My first thought was what happened to the index.php file at the root of the site, perhaps renamed by accident or moved? I remoted into the server and looked in the www folder, and looked and looked...
Somehow, the entire www folder for the instance in question was gone. Oh boy.
The entire moodle server files location was gone.
My next thought was why hasn't anyone from their school district contacted me? How long has it been like this? Do I have a backup of the www or site files?My blood pressure was rising. I stayed calm and looked about my network space, hoping I had copied the www directory for emergencies like this. No go. I could go to our network people and request for a backup to be restored to a virtual server, where I could extract the missing directory and copy it back into place.

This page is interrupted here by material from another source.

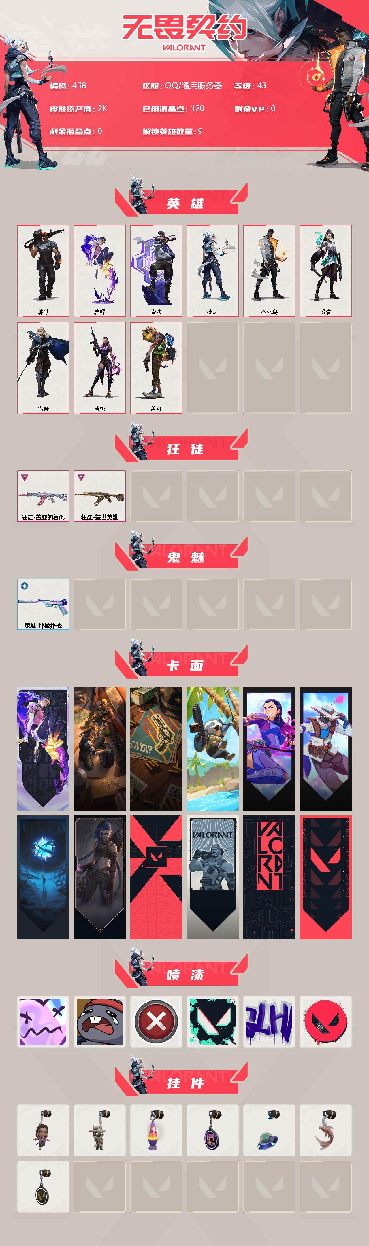 [12957868]【英雄】:炼狱,暮蝶,壹决,捷风,不死鸟,贤者,猎枭,芮娜,盖可 【狂徒】:狂徒-盖世英雄,狂徒-盖亚的复仇 【鬼魅】:鬼魅-扑棱扑棱 【卡面】:无畏契约:暮蝶 卡面,修车达人 卡面,正义的化身 卡面,树懒大作战 卡面,无畏契约GO!第一卷:芮娜 卡面,无畏契约GO!第一卷:零 卡面,无垠星环 卡面,《双城之战》金克丝 卡面,代号红色 卡面,新兵报到 卡面,V契约 卡面,无畏契约 卡面 【喷漆】:伤心心 喷漆,熊抱 喷漆,买装还是存钱 喷漆,胜利属于无畏契约 喷漆,GLHF 喷漆,无畏契约 喷漆 【挂饰】:无畏契约GO!第一卷 芮娜 挂饰,无畏契约GO!第一卷 零 挂饰,熔岩灯 挂饰,第九季//第二幕 纪念币 挂饰,天外飞客 挂饰,红鳞松叶 挂饰,无畏契约 纪念币 挂饰
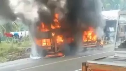 Truk Pengangkut Kiriman Paket Terbakar di Jalinsum Padang - Bukittinggi

Before contacting the network police, I checked to see if there was a db instance, which there was. I checked to see if there was a data root folder, there was. I checked the apache vhost for the directive for the instance, check. All 3 other critical pieces were in place, the only thing missing was the moodle application files.
I thought, why not just copy one of the other instances, rename it and update the config.php? So I did, and updated these four variables with appropriate data.
$CFG->dbname
$CFG->wwwroot
$CFG->dirroot
$CFG->dataroot
The config.php file at the root of the moodle instance contains very critical information in 4 areas:
1. DATABASE SETUP
2. WEB SITE LOCATION
3. SERVER FILES LOCATION
4. DATA FILES LOCATION
After changing each of those to the appropriate value for my missing moodle instance, I bravely returned to my browser, hit refresh and....I was in. After logging in and looking around a little, the courses, users all seem to be in place. The only thing that is different is the theme that they had set, by copying the moodle code from another instance, I inherit their theme. Oh well, not too concerned about that.
Moral of the story?
- Back up your core moodle files, as well as your DB and courses.
- Don't panic
- Know what to change in the config.php file.
Another final note after cogitating on this a little longer. This is really overkill. As I am copying moodle server files into a backup location, 50 MB for 1.9. 84 MB for 2.x...do I really need to copy all this code code, that does not change, not much anyway. Maybe just copy the config.php file for each instance?
I'm not sure, I want to be thorough but drive space does have a cost too, not to mention my own sense that this is too much stuff to keep track of when I can get the core code from moodle.
It seems the data folder would be the wiser one to be backing up. That, you cannot get from the moodle site. But that is even MORE space to deal with. In our case, I shall rely on on network people in the event of lost data files.